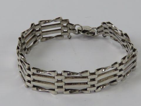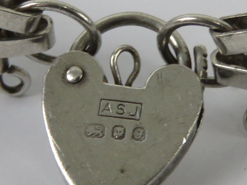 A silver gate link bracelet having London hallmarked heart padlock clasp.
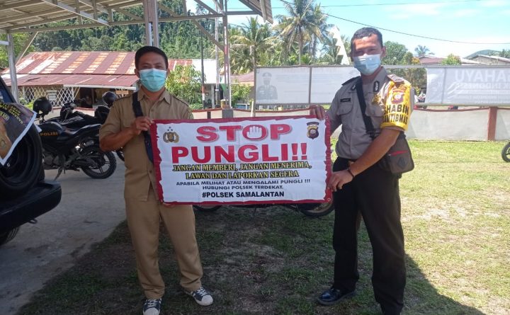 Polres Bengkayang – Polsek Samalantan. Polsek Samalantan Polres Bengkayang tak henti-hentinya melakukan upaya Preemtif untuk Stop Pungutan Liar (Pungli) dengan sosialisasi atau kampanye kepada seluruh elemen masyarakat. Seperti yang dilakukan Bripda Yordanus kepada warga dengan gunakan media spanduk, disampaikan edukasi serta pemahaman larangan memberi atau menerima pungutan liar, Selasa (28/9/2021) siang. Ditemui, Kapolsek Samalantan, Ipda..
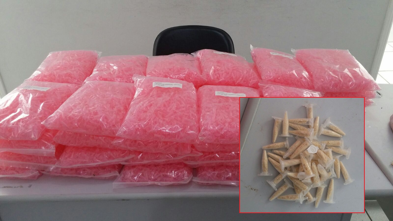 Segundo a Polícia Militar (PM), uma denúncia indicou que muita droga estaria enterrada no matagal que fica ao lado da rua. Os policiais fizeram uma varredura e acabaram encontrando somente os pinos plásticos que acondicionariam os entorpecentes: 43 mil pinos foram apreendidos na ação.
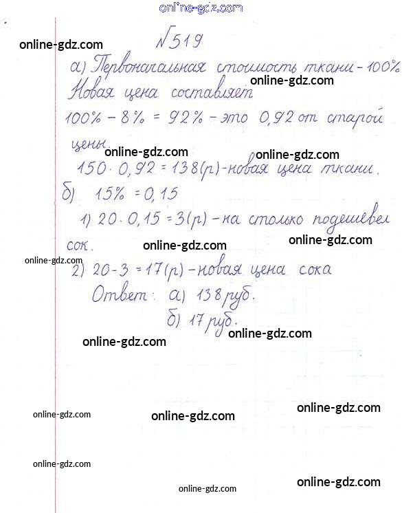 Готовые домашние задания по Математике за 6 класс Учебник Дорофеев, Шарыгин Академический школьный учебник 2014 - Упражнения 519
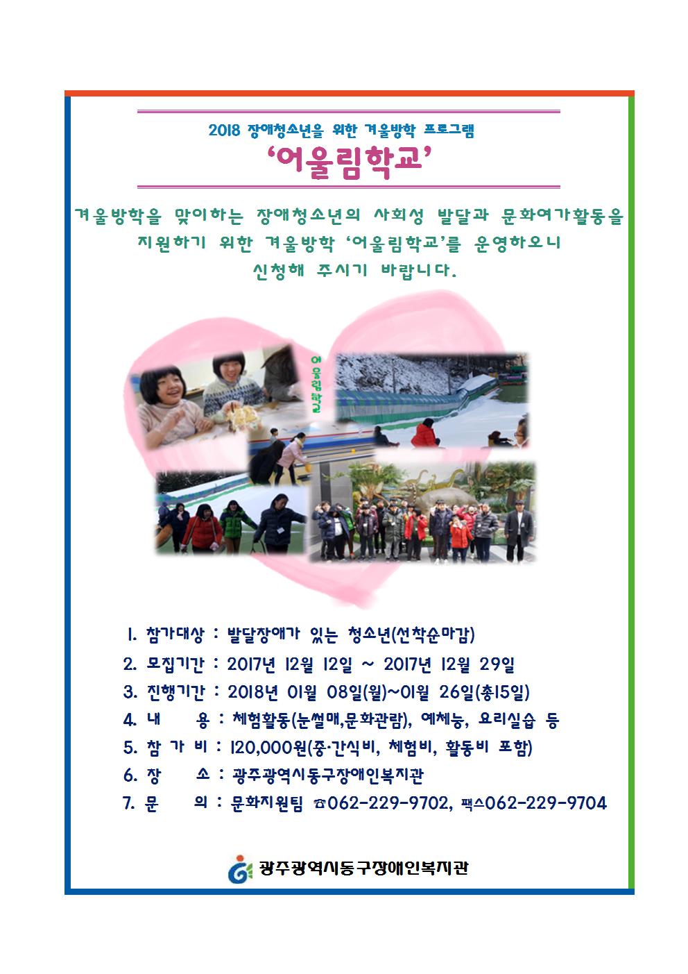 겨울방학을 맞이하는 장애청소년의 사회성 발달과 문화여가활동 지원을 위한 겨울방학 '어울림학교'를 운영하오니 신청해 주시기 바랍니다.
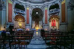 Under Pope Clement XII, the architect Carlo de Dominicis created the current baroque church which was completed in 1735.[11] The main altarpiece is a Christ in Glory by Pompeo Batoni and commissioned by Cardinal Giuseppe Furietti.[8] This present building has been described as "...one of the loveliest Baroque interiors in the city [of Rome]"[12] and "a fine example of eighteenth-century art".[12]
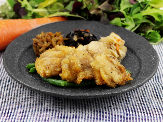 定番の塩から揚げを鶏もも肉でご用意いたしました。シンプルですが、あっさりした塩味のから揚げは食べ出したら止まらないおいしさです。
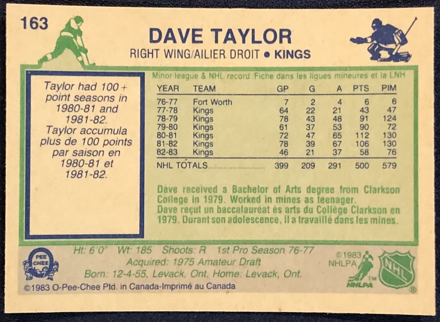 Lot 84 1983-84 O-PEE-CHEE DAVE TAYLOR (HOF)

• Aim of the exercise: An exact copy of the lines from the one with "Under Pope Clement" through the end of the records: produce that and nothing more, leaving out the pictures.

• Answer to this task:
 Under Pope Clement XII, the architect Carlo de Dominicis created the current baroque church which was completed in 1735.[11] The main altarpiece is a Christ in Glory by Pompeo Batoni and commissioned by Cardinal Giuseppe Furietti.[8] This present building has been described as "...one of the loveliest Baroque interiors in the city [of Rome]"[12] and "a fine example of eighteenth-century art".[12]
 定番の塩から揚げを鶏もも肉でご用意いたしました。シンプルですが、あっさりした塩味のから揚げは食べ出したら止まらないおいしさです。
 Lot 84 1983-84 O-PEE-CHEE DAVE TAYLOR (HOF)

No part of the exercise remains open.